Maka, mereka mengubah (menderivasi) kata al-Lâta (muanats/perempuan) menjadi kata Allah (muzakar/laki-laki). Dengan kata lain, secara linguistik mereka mengubah rembulan dari berstatus perempuan menjadi berstatus laki-laki. Setelah menyepakati kata Allah sebagai Tuhan, mereka memposisikan Allah sebagai Tuhan tertinggi, sementara posisi al-Lâta berada di bawahnya. Tepatnya, al-Lâta diposisikan sebagai salah satu anak perempuan Allah.
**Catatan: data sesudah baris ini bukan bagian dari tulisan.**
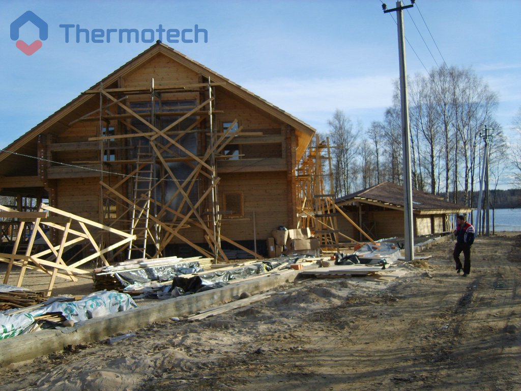 Например, дом в Ленинградской области построен из клееного бруса, общая площадь 331 м2.
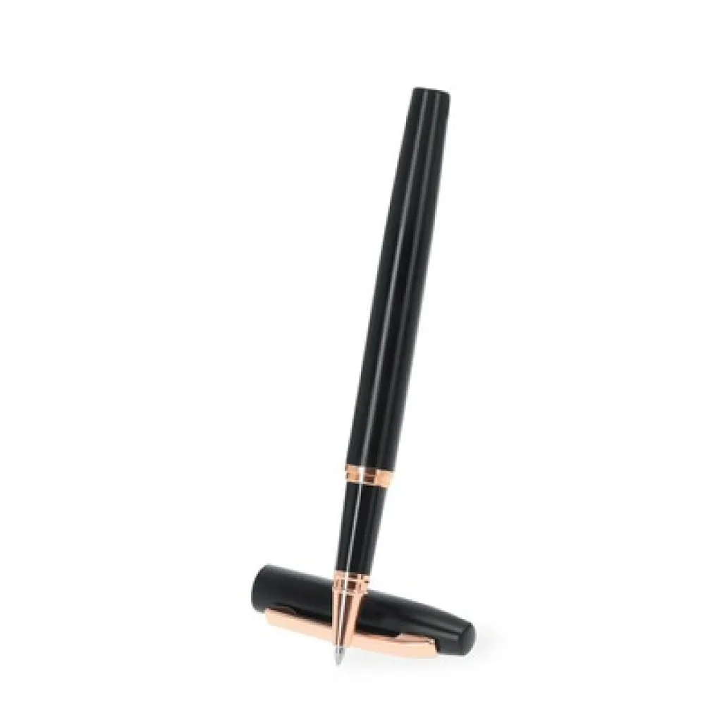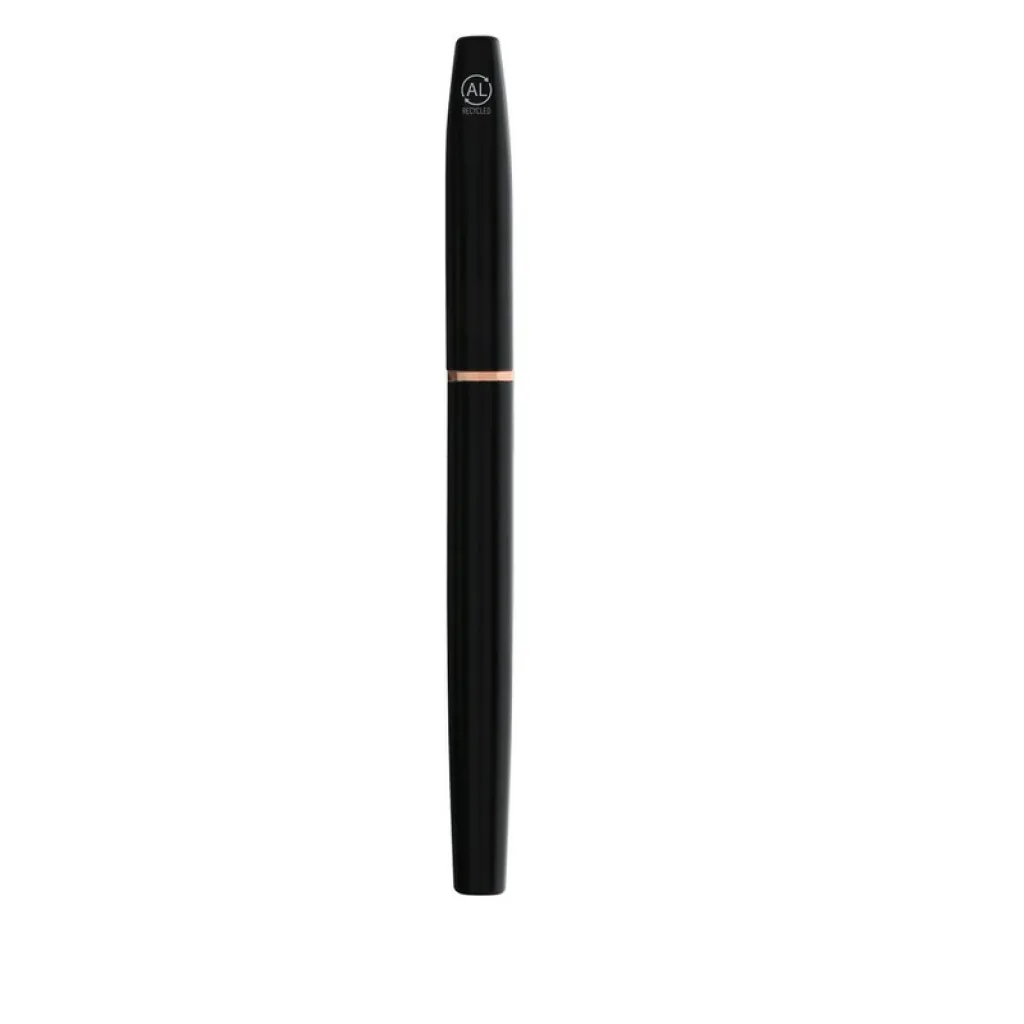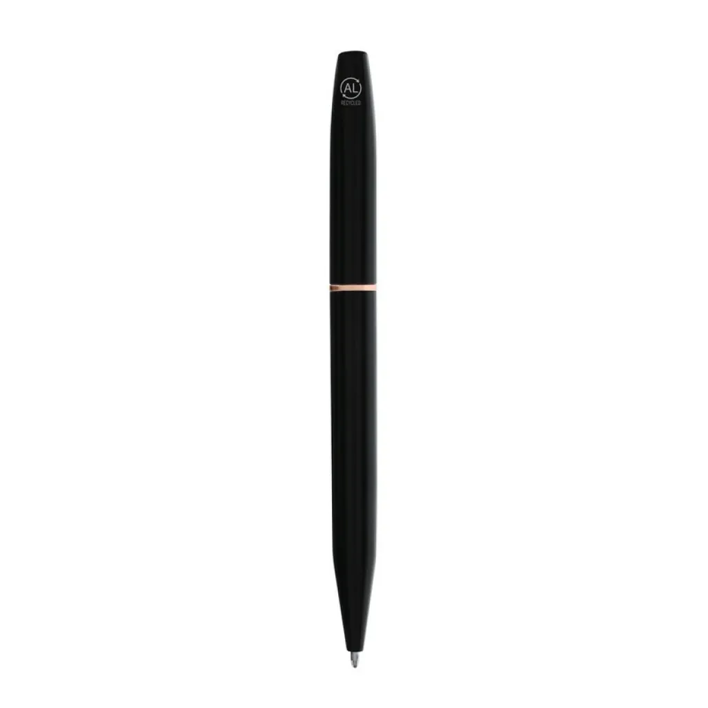 Writing set, ball pen and roller ball pen with black matte finish and elements in rose gold colour, ball pen with revolving mechanism, roller ball pen with cap, with metal clip, both pens write in blue, black gift box included, includes recycled aluminium icon on product, set made from recycled aluminium, compliant with GRS (Global Recycled Standard) certificate.
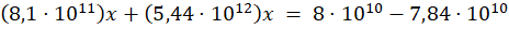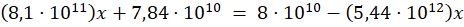 Przyrównaj do siebie oba wyrażenia i zapisz równanie z niewiadomą x. Przerzuć wszystkie wyrażenia z x na lewą stronę, a pozostałe na prawą stronę równania. Rozwiąż równanie i zapisz wynik przy pomocy notacji wykładniczej.

Dengan demikian mereka merasa telah berhasil mendamaikan antara karakter kejantanan mereka dan ke-perempuan-an al-Lâta, di satu sisi, serta tetap menjaga diri dari murka al-Lâta, di sisi lain.

Selain al-Lâta, mereka menambahkan anak-anak perempuan Allah dari peradaban lain: Uzza, Dewa Kekuatan dari Sinai, dan Manat, Dewa Pembagi Nasib dari Mesir. Terbentuklah konsep Allah, Tuhan Laki-laki, Dewa Rembulan, dalam kesadaran mereka. Selain Allah, mereka juga mengagungkan al-Lâta, Uzza, dan Manat yang menjadi anak-anak perempuan Allah. Tentang tiga anak perempuan Allah ini juga digambarkan oleh Philip K Hitti dalam History of The Arabs, hal. 123.
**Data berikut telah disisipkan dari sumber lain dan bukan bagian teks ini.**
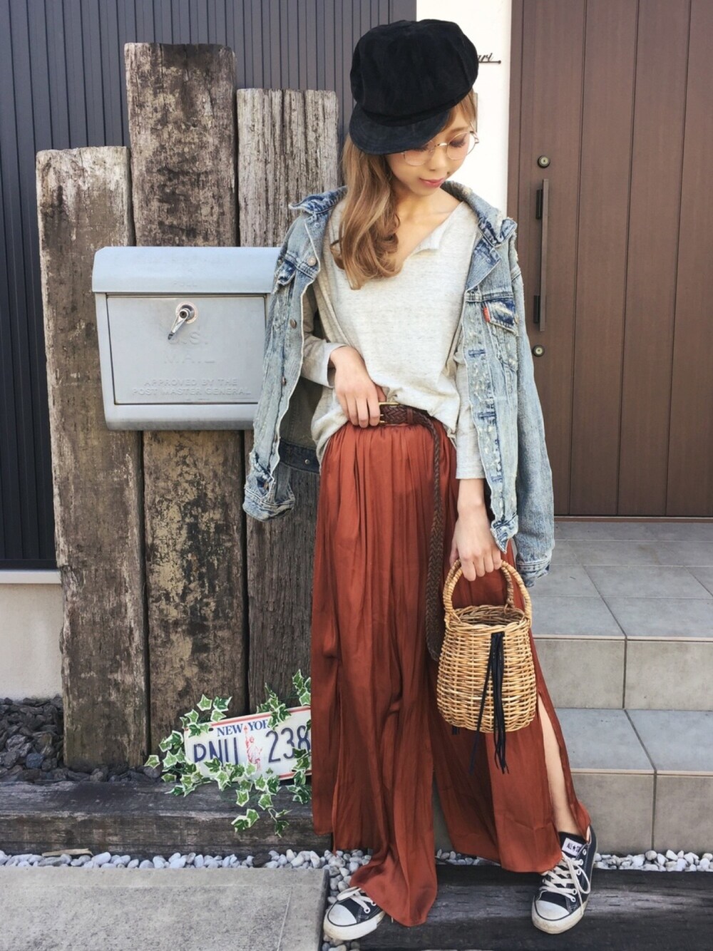 普段ボトムはデニムが多いので、思い切ってオレンジに挑戦!燻んだヴィンテージ風のカラーなので挑戦しやすいオレンジ(^-^) テロっとした素材がとっても履きやすい!トレンド感あるスリットもお気に入り♪ トップスは敢えてシンプルに。コンバースとGジャンでカジュアルさもプラス(*´ω`*)
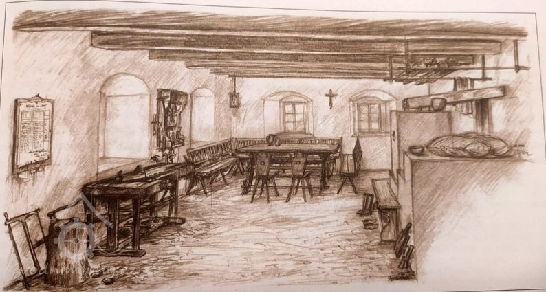 Inventář šalandy mlýna v Ratibořicích z roku 1844: „Kamna se čtyřmi pláty, velkým litinovým kamnovcem, dvířky, roštem a dvěma železy pod kouřovodem [hliněné trubky]. Javorový stůl, 4 lavice s opěradly, hoblice s utahovacím šroubem, malá polička na zdi, nad kamny držák se dvěma tyčemi.
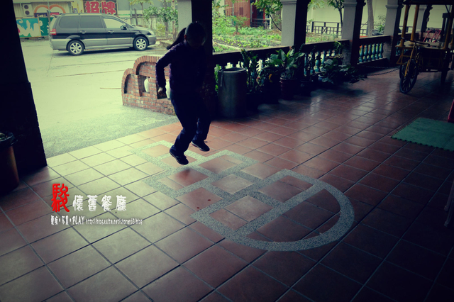 吃完飯後,休息一下,多多跑到外面去跳格子了!我想…店內裡裡外外、穿越古今中外,能與世代銜接的唯一,應該就是跳格子了吧!

Selain itu mereka juga menjadikan rembulan (hilâl) sebagai simbol Allah dan bintang (najmah) sebagai simbol Uzza. Keduanya menjadi simbol yang mereka agungkan. Hingga saat ini, negara-negara di wilayah Timur-Tengah menggunakan rembulan dan bintang dalam bendera-bendera mereka. Berdasarkan ketuhanan rembulan inilah mereka menetapkan penghitungan kalender pada rembulan. Mereka juga menentukan berbagai ritual berdasarkan rembulan, baik shalat, puasa, atau haji.
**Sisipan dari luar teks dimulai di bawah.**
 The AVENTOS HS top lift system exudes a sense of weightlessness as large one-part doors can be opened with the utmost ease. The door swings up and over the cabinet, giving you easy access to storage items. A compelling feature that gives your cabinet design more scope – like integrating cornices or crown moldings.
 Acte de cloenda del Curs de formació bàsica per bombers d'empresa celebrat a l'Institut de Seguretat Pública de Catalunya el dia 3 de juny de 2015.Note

Penghitungan kalender berdasarkan peredaran rembulan ini diteruskan setelah Islam datang dan berkembang di wilayah Arab. Dalam al-Quran ditegaskan, "Mereka bertanya kepadamu (Muhammad) tentang bulan sabit. Katakanlah, 'Itu adalah petunjuk waktu bagi manusia dan ibadah haji'" (QS. Al-Baqarah: 189). Inilah sekelumit penjelasan tentang penanggalan hijriah yang mendasari penghitungannya pada rembulan. Wallahu a'lam bi ash-shawâb.